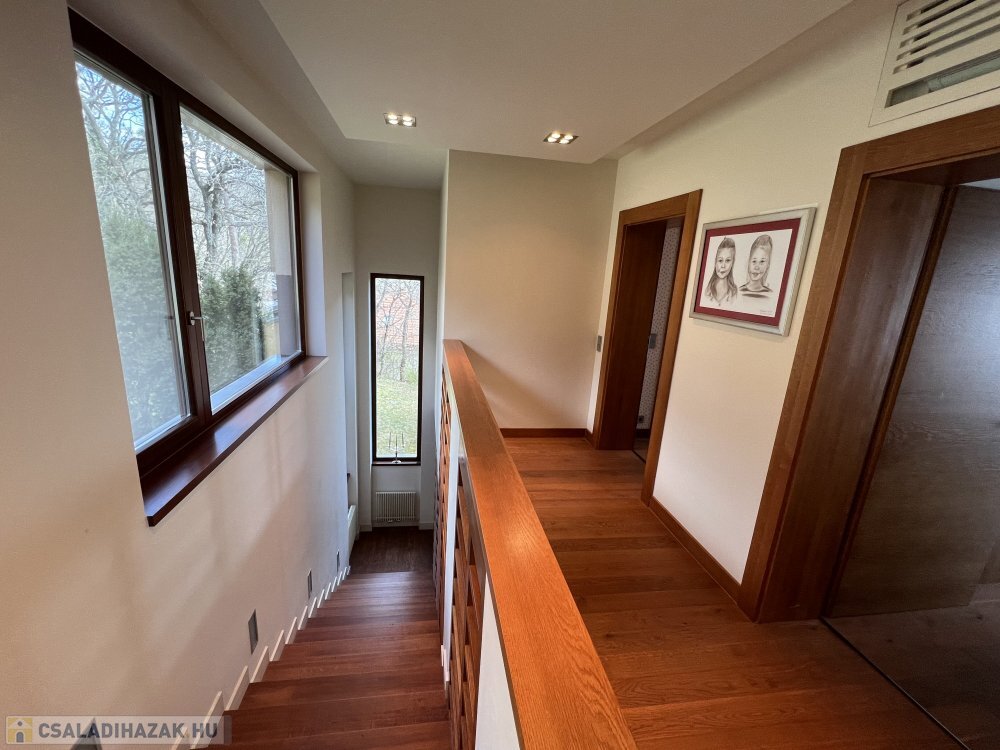 A széles belső lépcső elegáns minőségi fa burkolatot kapott.
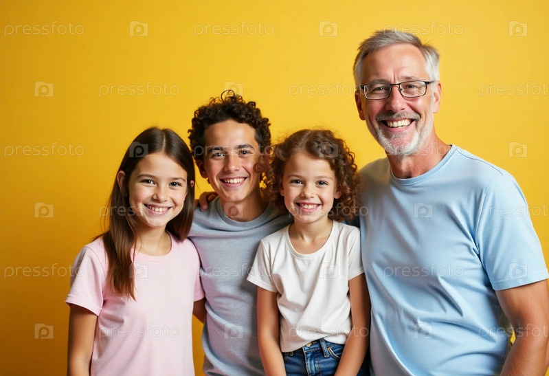 На ярко-желтом фоне радостный дед позирует со своими улыбающимися внуками, запечатлев сердечный момент их сплоченной семейной связи
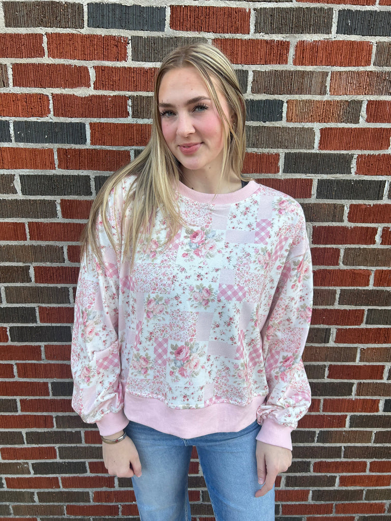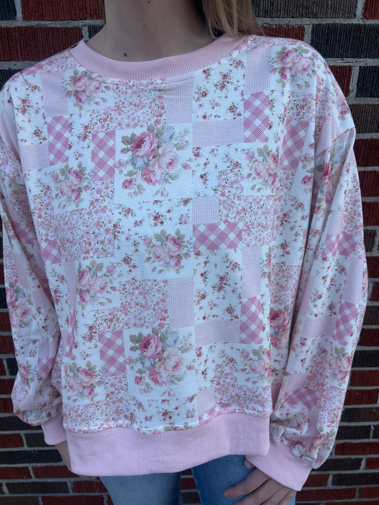 A vintage-inspired patchwork floral crewneck sweatshirt with a relaxed oversized fit. Made from a soft cotton blend for all-day comfort, this cozy pullover adds a feminine, cottage core touch to everyday outfits, loungewear, or casual styling. Floral Sweatshirt, Patchwork Top, Oversized Pullover, Vintage Floral, Cozy Sweatshirt, Casual Top, Lounge Wear, Cottage core, Soft Knit, Korean Style
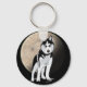 Dramatischer Schwarz-Weiß-Husky gegen Vollmond Schlüsselanhänger
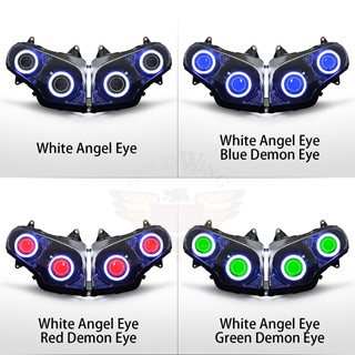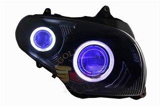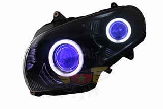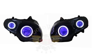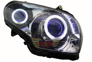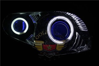 The angel eye is the CCFL (cold cathode fluorescent lighting) light attached around the projector lens, it will be light up by using angel eye inverter (igniter). Normally, several different colors are available for the angel eyes, such as White, Blue, Red, Green and Yellow. You can choose one desired color among those.
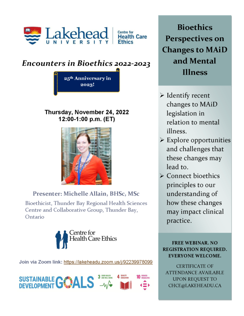 On Thursday, November 24, 2022 from 12:00 pm to 1:00 pm EST join Michelle Allain in this webinar to learn more about bioethics perspective on changes to MAiD and mental illness. Registration is not required, join at the appointed time via Zoom: https://lakeheadu.zoom.us/j/92239978099.
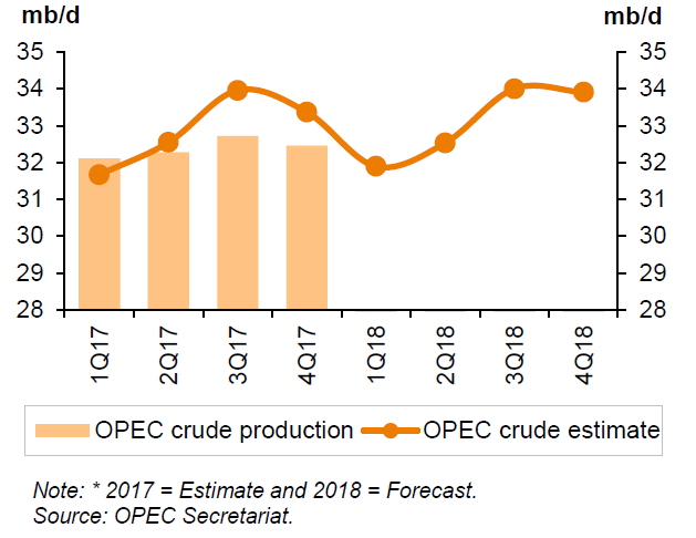 Добыча нефти ОПЕК в 2017 году оценивается в 32,9 млн брл/сут, что на 0,6 млн брл/сут выше уровня 2016 года. Прогноз на 2018 год составляет 33,1 млн брл/сут, что примерно на 0,2 млн брл/сут больше, чем годом ранее. Ожидается, что во второй половине 2018 года будет достигнут уровень в почти 34 млн брл/сут.
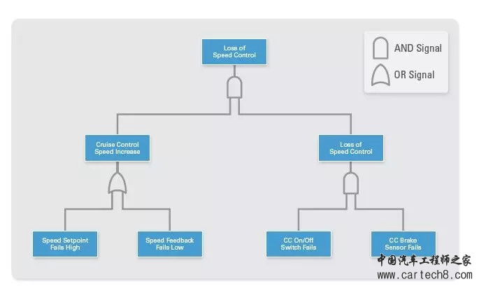 完成FMEA后,设计工程师会添加一些功能来减缓识别到的风险最大的故障。 例如,他们可以添加传感器来检测机械组件的故障,然后软件会自动将车辆切换到跛行回家模式,以防止进一步损害。 测试这些补救措施是ECU验证和确认的关键部分。如果要为每个故障设计相应的测试用例,需要设计团队提供故障树分析(FTA)。 图10显示一个FTA的例子。

Task to carry out: Output the full material above exactly, leaving every picture out.

Solution for this task:
 A széles belső lépcső elegáns minőségi fa burkolatot kapott.
 На ярко-желтом фоне радостный дед позирует со своими улыбающимися внуками, запечатлев сердечный момент их сплоченной семейной связи
 A vintage-inspired patchwork floral crewneck sweatshirt with a relaxed oversized fit. Made from a soft cotton blend for all-day comfort, this cozy pullover adds a feminine, cottage core touch to everyday outfits, loungewear, or casual styling. Floral Sweatshirt, Patchwork Top, Oversized Pullover, Vintage Floral, Cozy Sweatshirt, Casual Top, Lounge Wear, Cottage core, Soft Knit, Korean Style
 Dramatischer Schwarz-Weiß-Husky gegen Vollmond Schlüsselanhänger
 The angel eye is the CCFL (cold cathode fluorescent lighting) light attached around the projector lens, it will be light up by using angel eye inverter (igniter). Normally, several different colors are available for the angel eyes, such as White, Blue, Red, Green and Yellow. You can choose one desired color among those.
 On Thursday, November 24, 2022 from 12:00 pm to 1:00 pm EST join Michelle Allain in this webinar to learn more about bioethics perspective on changes to MAiD and mental illness. Registration is not required, join at the appointed time via Zoom: https://lakeheadu.zoom.us/j/92239978099.
 Добыча нефти ОПЕК в 2017 году оценивается в 32,9 млн брл/сут, что на 0,6 млн брл/сут выше уровня 2016 года. Прогноз на 2018 год составляет 33,1 млн брл/сут, что примерно на 0,2 млн брл/сут больше, чем годом ранее. Ожидается, что во второй половине 2018 года будет достигнут уровень в почти 34 млн брл/сут.
 完成FMEA后,设计工程师会添加一些功能来减缓识别到的风险最大的故障。 例如,他们可以添加传感器来检测机械组件的故障,然后软件会自动将车辆切换到跛行回家模式,以防止进一步损害。 测试这些补救措施是ECU验证和确认的关键部分。如果要为每个故障设计相应的测试用例,需要设计团队提供故障树分析(FTA)。 图10显示一个FTA的例子。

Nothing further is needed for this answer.